CDG-PIGN Around the World

One of the reasons we started our blog was to put something positive, yet realistic, into the world when we could only find a few depressing clinical research papers on Teddy's diagnosis. We wanted others who searched for MCAHSS1, CDG or PIGN to find something that provides hope and an opportunity to connect. We knew how much it meant to us when we connected with the first family with Teddy's diagnosis a month after we first learned the news. That e-mail allowed us to find the Facebook group, which has become our community. Instant friendships were made there, bound by a common disorder that is anything but common.

That Facebook group started so small, with only a handful of children who I knew all by name. In the past few years, we went from adding 1 child a year at most to several in a month at times. Candidly, it's gotten hard to keep track of all the children and families in our group, but we now have more people who share their experiences and help one another.

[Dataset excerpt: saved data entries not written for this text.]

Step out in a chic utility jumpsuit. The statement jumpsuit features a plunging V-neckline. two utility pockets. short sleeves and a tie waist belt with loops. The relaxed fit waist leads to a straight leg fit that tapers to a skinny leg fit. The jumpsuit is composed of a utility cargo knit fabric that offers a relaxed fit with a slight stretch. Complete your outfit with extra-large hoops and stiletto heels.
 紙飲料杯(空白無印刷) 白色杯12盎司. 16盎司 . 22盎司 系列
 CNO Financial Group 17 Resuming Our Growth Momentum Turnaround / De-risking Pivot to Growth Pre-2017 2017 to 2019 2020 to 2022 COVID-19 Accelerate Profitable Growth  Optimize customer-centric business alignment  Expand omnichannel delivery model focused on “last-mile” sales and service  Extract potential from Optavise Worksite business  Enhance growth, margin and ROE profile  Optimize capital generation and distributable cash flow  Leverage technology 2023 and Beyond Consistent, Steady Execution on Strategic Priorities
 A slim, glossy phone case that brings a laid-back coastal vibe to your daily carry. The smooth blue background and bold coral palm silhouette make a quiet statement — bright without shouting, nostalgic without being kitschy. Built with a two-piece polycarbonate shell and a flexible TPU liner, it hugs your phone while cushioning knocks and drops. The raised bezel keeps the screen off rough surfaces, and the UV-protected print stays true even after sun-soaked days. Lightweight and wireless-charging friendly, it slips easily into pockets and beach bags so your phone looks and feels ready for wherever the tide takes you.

When a family from London reached out after finding this blog, they wanted to do a phone call. Rather than figure out international calling, we simply did a zoom call. And the lightbulb clicked. We could do a zoom meeting with our CDG group to connect families from around the world via technology. There was immediate interest from the group, so less than a week later we hosted our inaugural CDG-PIGN virtual gathering. 

Oh my goodness! It was absolutely incredible to see and hear these other families from around the world. We got to see a few of the children who are affected, and I couldn't not act like a giddy schoolkid waving at each of them. There are few instances where others nod in agreement when we share stories about Teddy, not just understanding but actual real-life experience that was the same. 

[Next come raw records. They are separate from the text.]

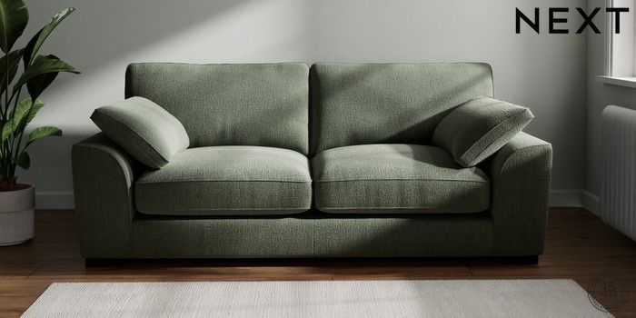 7.2.10 Buy Stamford Grand Relaxed Sit 3 Seater Sofa Chunky Texture Mid Forest Green Large Square Angle - Dark from the Next UK online shop Click here to use our accessible website
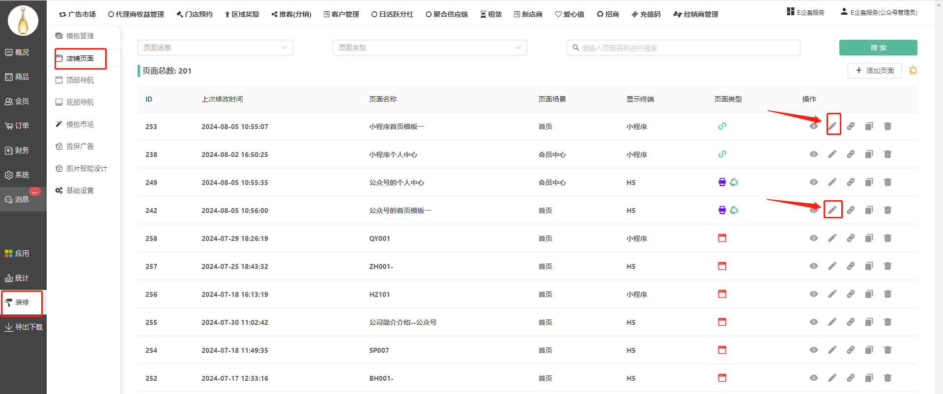 2.在装修页面--找到默认为公众号/小程序的商城首页的页面---进行编辑,如下图所示:
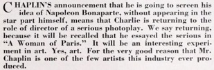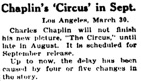Charles Chaplin will not finish his new picture, „The Circus,“
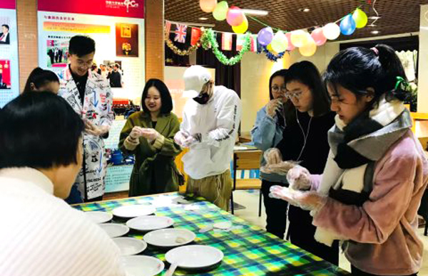 外教与学生们一起包水饺
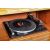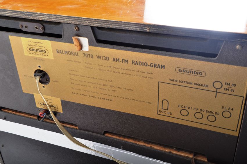 Grundig - A retro vintage mid 20th Century walnut veneered radiogram / music system having 3D Sound and a Garrard record deck turntable model SP25 MKIII. All housed with a walnut veneered music cabinet with sliding doors to the front with Deco inspired handles and all raised on splayed tapering supports. Measures approx; 96cm x 121cm x 37cm.

Oh, you know, some of my closest friends from around the world. 

We had families from Poland, Australia, Germany, the Netherlands and several from the United States, including families that moved here from Poland and the UK. It was a bit of a challenge to find the right time to do an international gathering, but we settled on 2 p.m. our time. Our Australian friends joined us at 6 a.m. and our European friends ended the call with us at 10:30 p.m. (Yes, we chatted nearly 1.5 hours!). The conversation flowed in English remarkably well, interrupted by a spontaneous breakout in Polish. That breakout simply made us all smile because it was so neat to see the connection, to be heard and understood by someone who simply gets it ... in their native language. 

We plan to schedule another zoom meeting next month and will likely continue monthly as long as there is interest. This gives us an opportunity to share what works for us, to problem solve, to ask questions and to learn from one another as we truly are the best experts on our children and their diagnosis. It allows us to leverage specialists from around the world on how to best help our children thrive. But, equally important if not more important, is the ability to connect with others who inherently get it. Trust me, we have amazing family and friends who provide an incredible support network for us. And those who interact with Teddy regularly understand so much of our life, but there's nothing quite like talking to other families who are walking this same extremely rare genetic journey.